Fact sheet - Glossary

Updated 6 Sep 2016
Candidate
A person who has been nominated for election.
Compulsory voting
Every Australian citizen of 18 years and over must enrol and vote at elections and referendums.
Electorate
An area represented by one or more members of parliament. Also known as a seat, division or a constituency. For ACT Legislative Assembly elections there are five electorates: Brindabella, Ginninderra, Murrumbidgee, Kurrajong and Yerrabi.
Excluded candidate
A candidate who is taken out of the count of votes because he or she has fewer votes than any other candidate.
Exhausted vote
A ballot paper that can no longer be distributed because no preferences are shown for any candidates remaining in the count.
Formal vote
A ballot paper which has been marked correctly. In the ACT under Hare-Clark electors must use numbers to show their preferences. Electors are asked to vote for at least as many candidates as there are vacancies in their electorate. See informal vote.
Government
The political party or coalition of parties which is led by the Chief Minister. 
Hare-Clark
An electoral system which draws its name from two men: Thomas Hare (1806-1891), an English solicitor who wrote a famous book on proportional representation and Andrew Inglis Clark (1848-1907), a Tasmanian Attorney-General who introduced proportional representation into State law. A fact sheet What is the Hare-Clark Electoral System? is available.
Informal vote
A ballot paper which has not been marked correctly. In the ACT, examples of informal votes include: a ballot paper with no first preference; a ballot paper with two or more first preferences; or a ballot paper where the name of the voter can be identified.
Legislative Assembly
The lower house of some parliaments and the only house in the ACT. A total of 25 Members are elected from five electorates to represent the citizens of the ACT and make decisions on their behalf.
Minority government
A government formed by a party or a coalition of parties (two or more parties) when they don't have a parliamentary majority.
MLA
A Member of the Legislative Assembly.
Opposition
The Legislative Assembly members of the major political party or coalition who oppose the government.
Parliament
The political assembly in which elected representatives debate and vote upon proposed laws. The word 'parliament' comes from 15th century English, and from a French word meaning 'talking place'. In the ACT, the Legislative Assembly is the parliament.
Preferential voting
A voting system which allows voters to list candidates in order of preference. For example if a voter's first choice is for an excluded candidate, the voter's second choice will be counted. If the voter's second choice is also for an excluded candidate, the voter's third choice will be counted, and so on.
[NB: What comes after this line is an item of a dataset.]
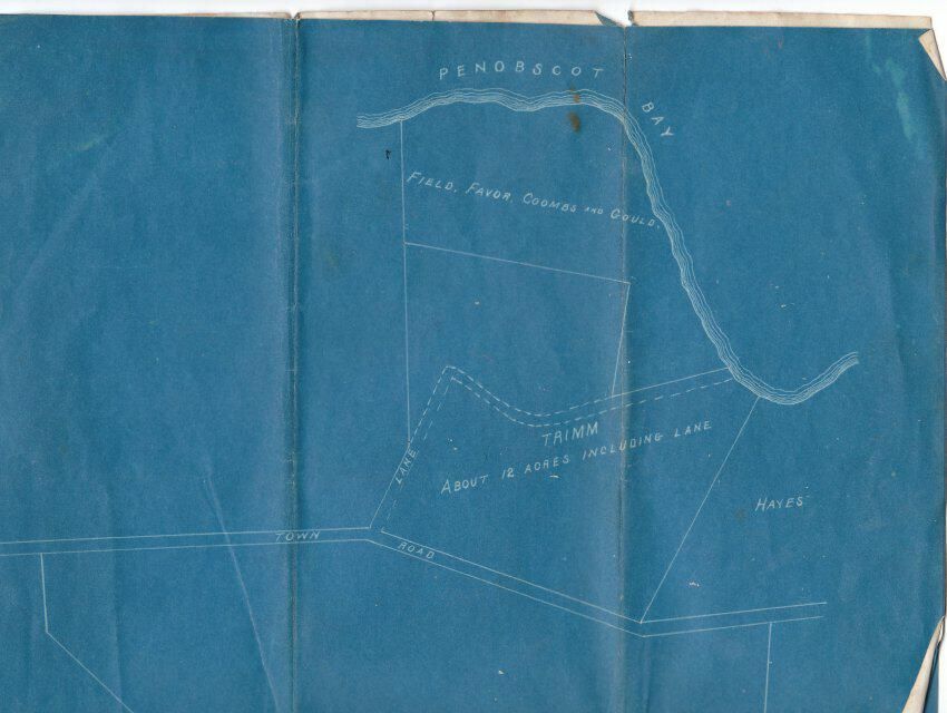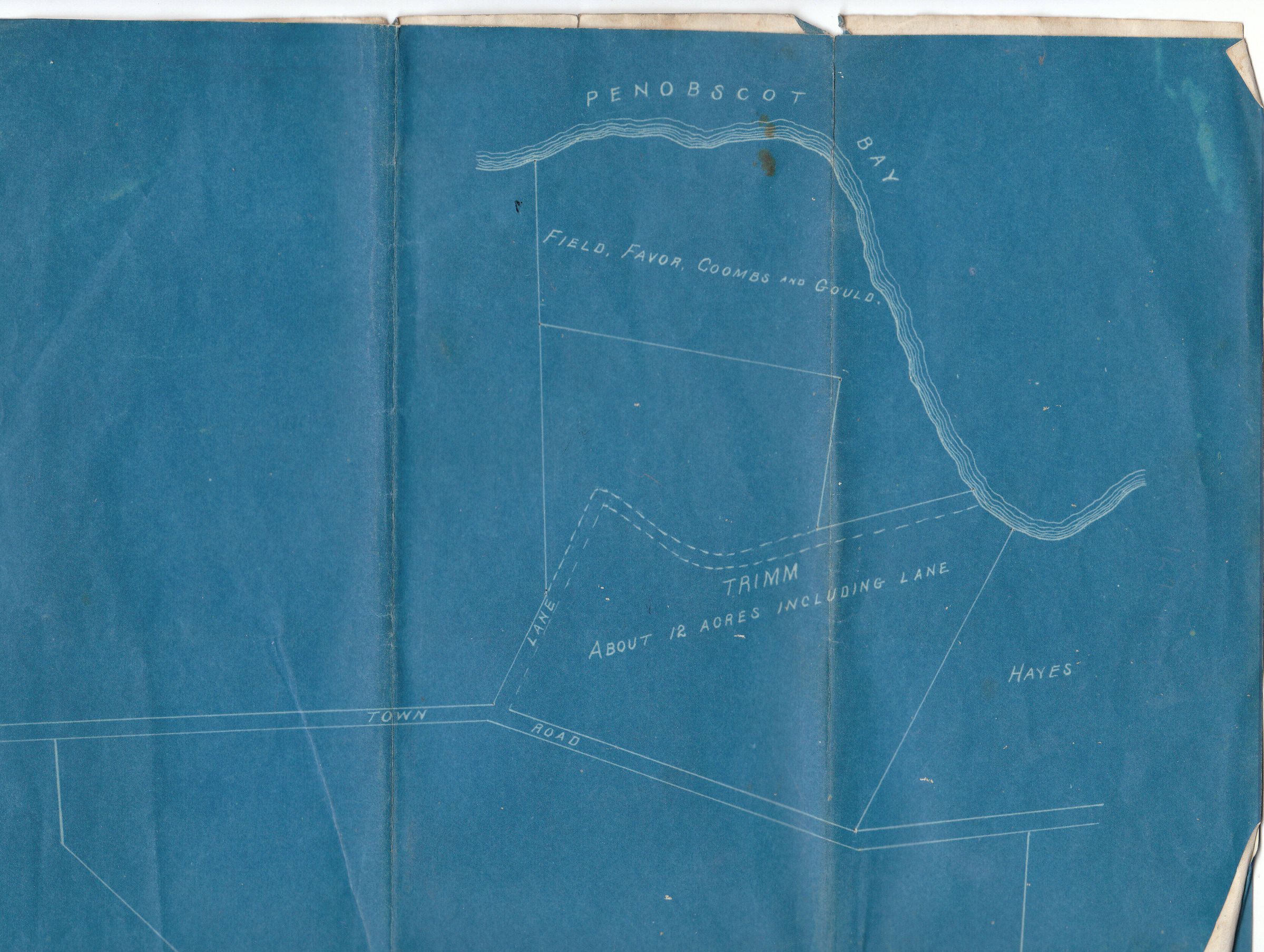 Rough plan showing survey for approximate acreage only, made for R. B. Trim and Otis Dodge, Aug. 19th, 1895. Scate 200ft. to an inch. P.H. Coombs, Civil Engineer, Bangor, Maine.

Proportional representation
Used when more than one candidate is to be elected in one electorate. Each elected candidate represents the same proportion of voters as each other elected candidate.
Quota
The number of votes a candidate has to receive in order to be elected.
Redistribution
A redrawing of electoral boundaries which aims to ensure that, as nearly as practicable, each ACT electorate gains representation in the ACT Legislative Assembly in proportion to the electorate's voting population.
Referendum
A process of referring a matter proposed or passed by a legislative body to the electorate to vote for approval or rejection.
Robson Rotation
Where the names in each column of candidates are printed in different orders on consecutive ballot papers so that no candidate in a column has the advantage of appearing in the same position on every ballot paper.
Scrutineer
A person appointed by the candidate to observe voting and the counting of ballot papers to ensure that the process is conducted properly.
Surplus votes
Those votes that a candidate receives in excess of the quota. They are distributed to other candidates according to the further preferences indicated on the ballot papers by those voters.